As the first quarter is nearing an end, the State Bank of Vietnam (SBV) has bought a volume of foreign exchange worth billions of U.S. dollars, equal to the total sum of last year, an unprecedented record in a three-month period. The volume of Vietnam dong pumped into the market to buy the greenback since early this year has surpassed the VND100 trillion mark, which forces the central bank to re-open the treasury bill channel to withdraw money. On the Interbank market, overnight interest rate of the dong and other rates applicable to short terms have gone down compared with earlier this year with the overnight rate removed from the annual 4%-5% peak that has been established for months. This rate is ranging between 3.1% and 3.2% per year.
Widening savings rates
Commenting on the real estate market, Nguyen Hoang Minh, vice director of the SBV HCMC Branch, says in recent months, loans extended to realty developers have apparently been slower, which may means estate supplies are going to shrink. Minh says estate firms in HCMC no longer have as many as realty projects as they used. In addition, more stringent ownership transfer procedures which take more time to complete is to a certain extent dampening the estate market.
Although banks have tightened their credit for estate developers and traders, they are still take it easy for individual homeowners. Credit for livelihood, mainly used to own houses to live in, of the entire banking system has amounted to VND1.41 quadrillion, accounting for over 19.5% of the total outstanding debt. It is understandable why banks have favored individual home ownership as this segment is safer than credit for estate developers.
From this standpoint, when banks’ output is focused on individual customers because of higher lending rates, it is more likely that credit institutions will keep their deposit interest rates at the current rates to sustain their capital mobilizing pace. Deposit rates will therefore not be likely to fall.
Bankers say it is not easy for interest rates to drop due to not only difficulties in output but also competition among themselves. Some banks which are still grappled with a high rate of real bad debt and whose credit mostly serves a limited clientele need to have stable input of capital mobilization to ensure their liquidity. They would not therefore cut their deposit rates. The above situation makes the gap of deposits of the same term offered by different banks ever larger. One bank offers an annual 6.5% rate for six-month deposits while another gives a 8% rate. The 1.5% margin is way too big. So, capital will be drawn to banks offering higher rates.
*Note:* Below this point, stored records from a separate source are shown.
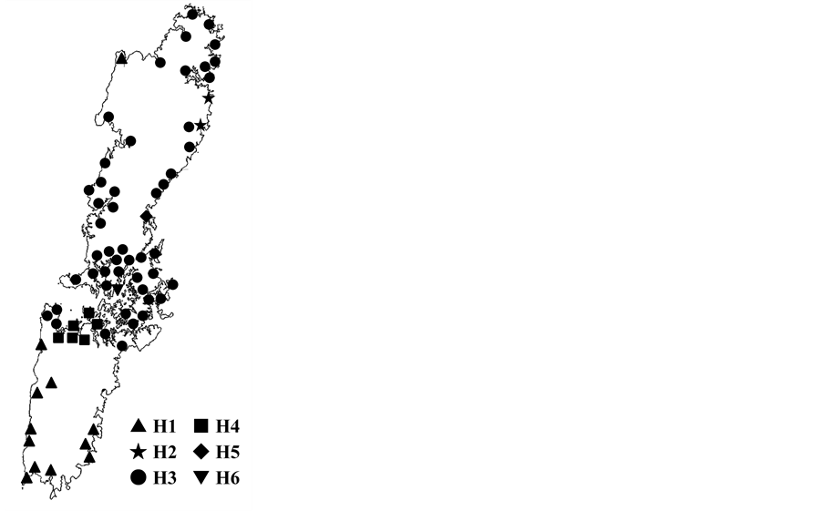 The geographical distribution for each haplotype of chloroplast DNA sequences in the study areas are shown in Figure 3. In each area, five haplotypes were located on the Tsushima Islands [18] (Figure 3(a)). Two haplotypes were mainly separated between the southern part and the northern part of the Tsushima Islands, and several haplotypes were located in the center part and the north island. Six haplotypes were located in the Nagasaki Mainland (Figure 3(b)). Nine haplotypes were located on the Goto Islands (Figure 3(c)). Three haplotypes were located on the Koshikijima Islands (Figure 3(d)).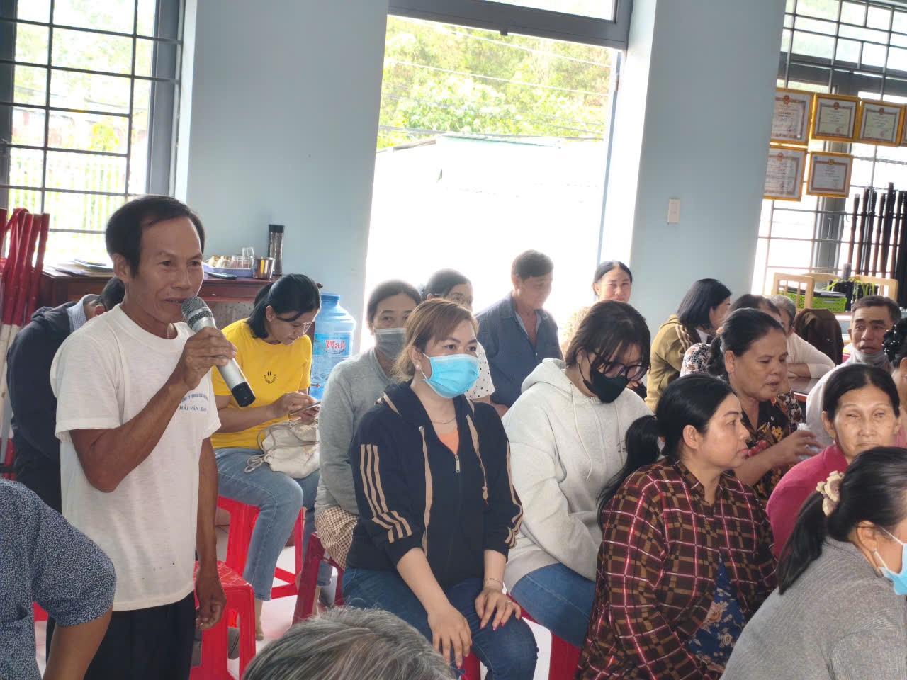 <figcaption>Cử tri Lưu Văn Lầu – ấp 3, đang đặt câu hỏi cho những người ứng cử tại Hội nghị tiếp xúc cử tri</figcaption>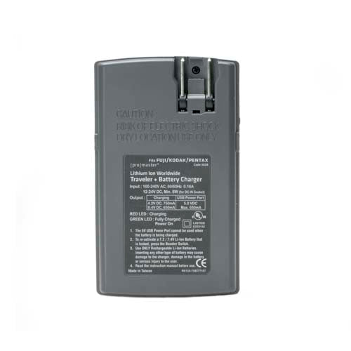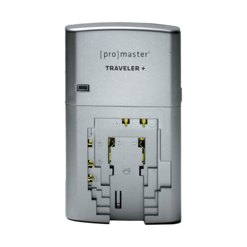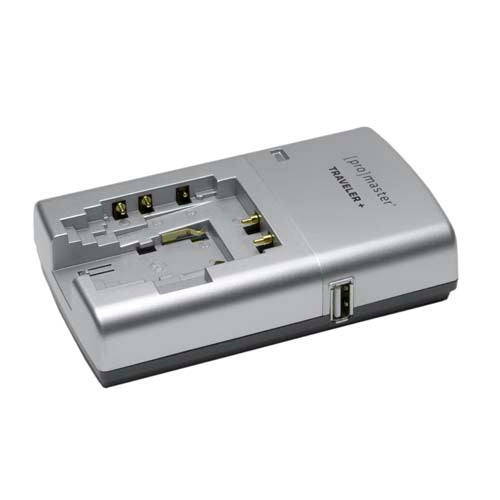 The ProMaster TRAVELER + LITHIUM ION BATTERY CHARGER is a versatile, compact, go anywhere charger for your Li-ION digital camera and camcorder batteries. The Traveler + charger features a built in switching power supply that can be powered from either 110v - 240v AC or 12V DC (optional DC power cord required) for true worldwide compatibility. Combined with the USB power output port and its compact size, it makes a PERFECT solution for those on the go or to use at home. The ProMaster Traveler + charger is available in models to fit most Li-ION digital camera batteries.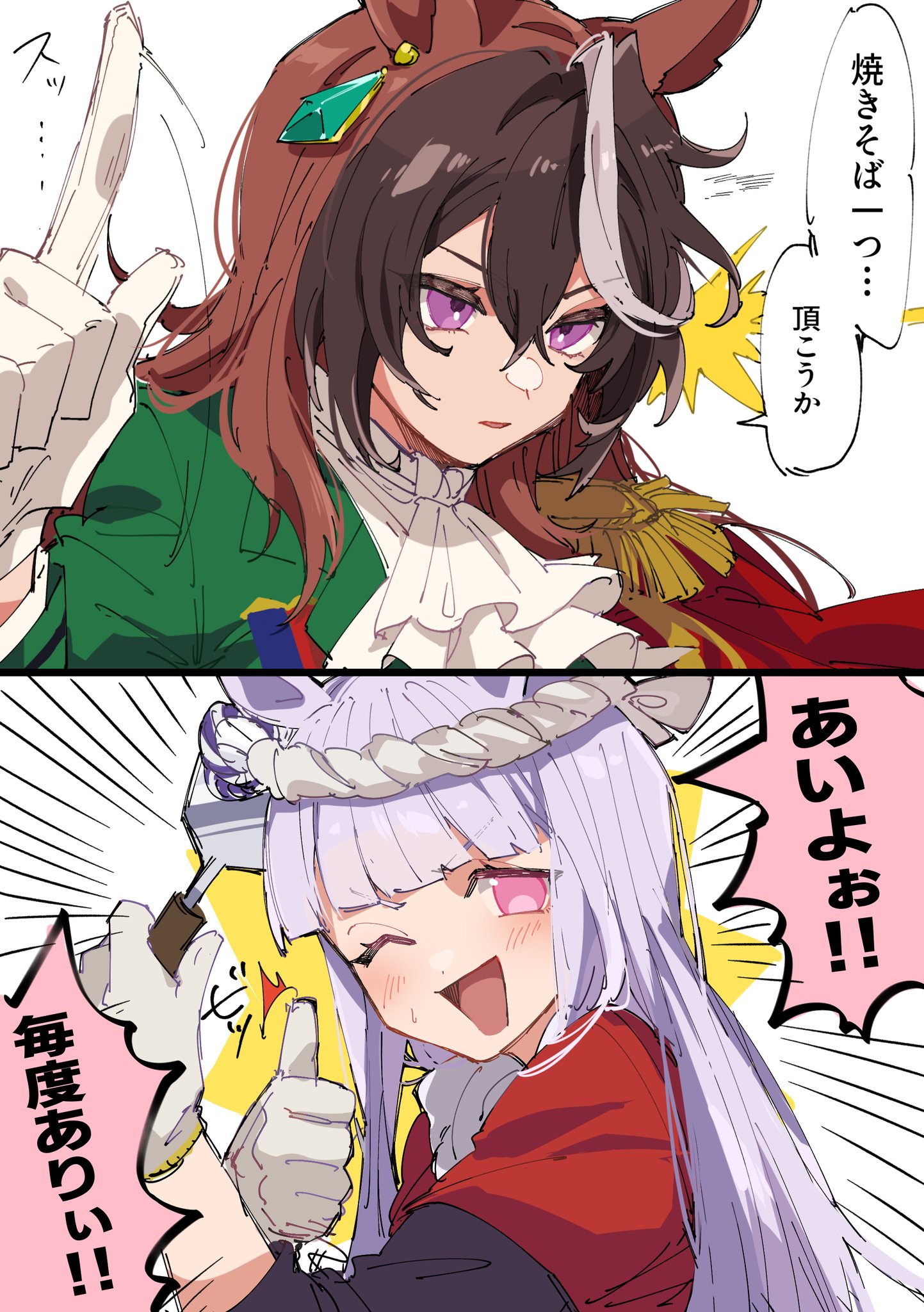 2girlsanimal earsascotbrown hairemphasis linesepauletteshair between eyeshorse earshorse girlindex finger raisedlong hairmulticolored hairmultiple girlsopen mouthparted lipspink eyespurple eyesspeech bubblestreaked hairwhite ascotwhite hair

In order not to fall behind in the race for capital mobilization, a host of banks have had to raise their deposit rates. This means interest rates will not go down in the short term.
Possible scenario of a lower rate
Last year, credit growth was merely shy of 14% while public investment failed to disburse all its allocation. However, gross domestic product (GDP) growth soared to 7.08% due to the inflow of foreign direct investment (FDI). This year’s foreign investment sector’s growth, viewed from statistics released by the General Statistics Office, would not be as high as last year. Specifically, the key manufacturing industry, electronics, posted a growth rate of only 5.2% versus 38.3% in the same period last year. Cell phone production fell by 7.6%. This fall was expected as Samsung changed its plan to reduce production in Vietnam. However, other industries—such as mining, motorized vehicle production and textile and garments have sustained a relatively high growth rate. The only exception is agricultural production and agricultural export which generated a slower-than-expected rate.
The GDP rate of the first quarter is projected by the Ministry of Planning and Investment at 6.5%, a rise way below assumption of both the Government and the business circle.